Run a simple benchmark against a model:

```bash
aiperf profile \
  --model your_model_name \
  --url http://localhost:8000 \
  --endpoint-type chat \
  --streaming
```

### Example with Custom Configuration

```bash
aiperf profile \
  --model Qwen/Qwen3-0.6B \
  --url http://localhost:8000 \
  --endpoint-type chat \
  --concurrency 10 \
  --request-count 100 \
  --streaming
```

Example output:
<div align="center">

```
NVIDIA AIPerf | LLM Metrics
┏━━━━━━━━━━━━━━━━━━━━━━━━━━━━━━━━━━━━━━┳━━━━━━━━━━━┳━━━━━━━━┳━━━━━━━━┳━━━━━━━━┳━━━━━━━━┳━━━━━━━━┳━━━━━━━┓
┃                               Metric ┃       avg ┃    min ┃    max ┃    p99 ┃    p90 ┃    p75 ┃   std ┃
┡━━━━━━━━━━━━━━━━━━━━━━━━━━━━━━━━━━━━━━╇━━━━━━━━━━━╇━━━━━━━━╇━━━━━━━━╇━━━━━━━━╇━━━━━━━━╇━━━━━━━━╇━━━━━━━┩
│             Time to First Token (ms) │     18.26 │  11.22 │ 106.32 │  68.82 │  27.76 │  16.62 │ 12.07 │
│            Time to Second Token (ms) │     11.40 │   0.02 │  85.91 │  34.54 │  12.59 │  11.65 │  7.01 │
│                 Request Latency (ms) │    487.30 │ 267.07 │ 769.57 │ 715.99 │ 580.83 │ 536.17 │ 79.60 │
│             Inter Token Latency (ms) │     11.23 │   8.80 │  13.17 │  12.48 │  11.73 │  11.37 │  0.45 │
│     Output Token Throughput Per User │     89.23 │  75.93 │ 113.60 │ 102.28 │  90.91 │  90.29 │  3.70 │
│                    (tokens/sec/user) │           │        │        │        │        │        │       │
│      Output Sequence Length (tokens) │     42.83 │  24.00 │  65.00 │  64.00 │  52.00 │  47.00 │  7.21 │
│       Input Sequence Length (tokens) │     10.00 │  10.00 │  10.00 │  10.00 │  10.00 │  10.00 │  0.00 │
│ Output Token Throughput (tokens/sec) │ 10,944.03 │    N/A │    N/A │    N/A │    N/A │    N/A │   N/A │
│    Request Throughput (requests/sec) │    255.54 │    N/A │    N/A │    N/A │    N/A │    N/A │   N/A │
│             Request Count (requests) │    711.00 │    N/A │    N/A │    N/A │    N/A │    N/A │   N/A │
└──────────────────────────────────────┴───────────┴────────┴────────┴────────┴────────┴────────┴───────┘
```
</div>


## Known Issues

- Output sequence length constraints (`--output-tokens-mean`) cannot be guaranteed unless you pass `ignore_eos` and/or `min_tokens` via `--extra-inputs` to an inference server that supports them.
- Very high concurrency settings (typically >15,000 concurrency) may lead to port exhaustion on some systems, causing connection failures during benchmarking.
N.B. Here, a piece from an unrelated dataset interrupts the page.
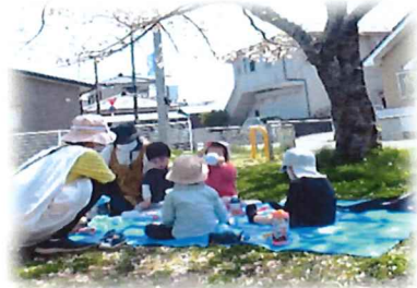
お花見会のお弁当 美味しかったね🍱

If encountered, consider adjusting system limits or reducing concurrency.
- Startup errors caused by invalid configuration settings can cause AIPerf to hang indefinitely. If AIPerf appears to freeze during initialization, terminate the process and check configuration settings.